9 Quasi-Contracts (Implied-in-law Contracts) The equitable doctrine of quasi-contract, also called implied-in-law contract, allows a court to award monetary damages to a plaintiff for providing work or services to a defendant even though no actual contract existed between the parties. Recovery is generally based on the reasonable value of the services received by the defendant. The doctrine of quasi-contract is intended to prevent unjust enrichment and unjust detriment. It does not apply where there is an enforceable contract between the parties. A quasi-contract is imposed where: 1.One person confers a benefit on another who retains the benefit, and 2.It would be unjust not to require that person to pay for the benefit received. See Powell v. Thompson Powell Case (pp. 250-251)
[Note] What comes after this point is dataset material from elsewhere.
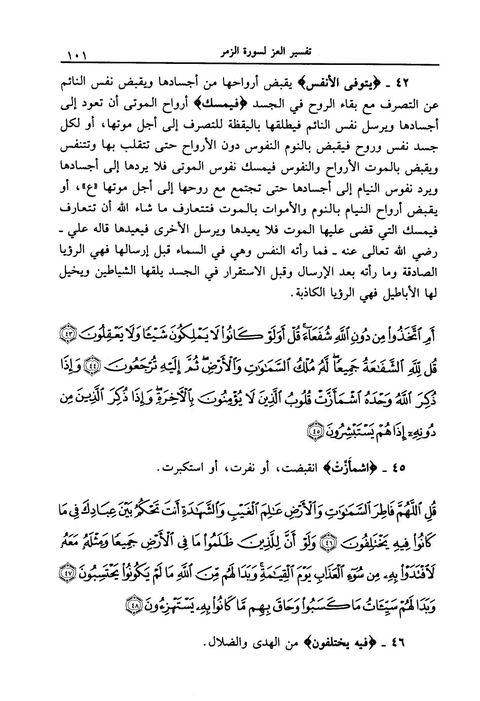 42 - {يَتَوَفَّى الأَنفُسَ} يقبض أرواحها من أجسادها ويقبض نفس النائم عن التصرف مع بقاء الروح في الجسد {فَيُمْسِكُ} أرواح الموتى أن تعود إلى أجسادها ويرسل نفس النائم فيطلقها باليقظة للتصرف إلى أجل موتها، أو لكل جسد نفس وروح فيقبض بالنوم النفوس دون الأرواح حتى تتقلب بها وتتنفس ويقبض بالموت الأرواح والنفوس فيمسك نفوس الموتى فلا يردها إلى أجسادها ويرد نفوس النيام إلى أجسادها حتى تجتمع مع روحها إلى أجل موتها " ع "، أو يقبض أرواح النيام بالنوم والأموات بالموت فتتعارف ما شاء الله أن تتعارف فيمسك التي قضى عليها الموت فلا يعديها ويرسل الأخرى فيعديها قاله علي - رضي الله عنه - فما رأته النفس وهي في السماء قبل إرسالها فهي الرؤيا الصادقة وما رأته بعد الإرسال وقبل الاستقرار في الجسد يلقها الشياطين ويخيل لها الأباطيل فهي الرؤيا الكاذبة.

10 Enforceability of Contracts Valid contract A valid contract meets all the essential elements to establish a contract, and as such is enforceable by (at least) one of the parties. Void contract A void contract has no legal effect. It is as if no contract had ever been created. If a contract is void, neither party is obligated to perform, and neither party can enforce the contract. For example, a contract to commit a crime is void. Voidable contract A voidable contract is one in which at least one party has the option to void his or her contractual obligations. If the contract is voided, both parties are released from their obligations under the contract. If the party with the option chooses to ratify the contract, both parties must fully perform their

11 Enforceability of Contracts Cont. Obligations. With certain exceptions, contracts may be voided by minors, insane persons, intoxicated persons, persons acting under duress or undue influence or fraud, and in cases involving mutual mistake. Unenforceable contract With an unenforceable contract, there is some legal defense to the enforcement of the contract. The parties may voluntarily perform a contract that is unenforceable.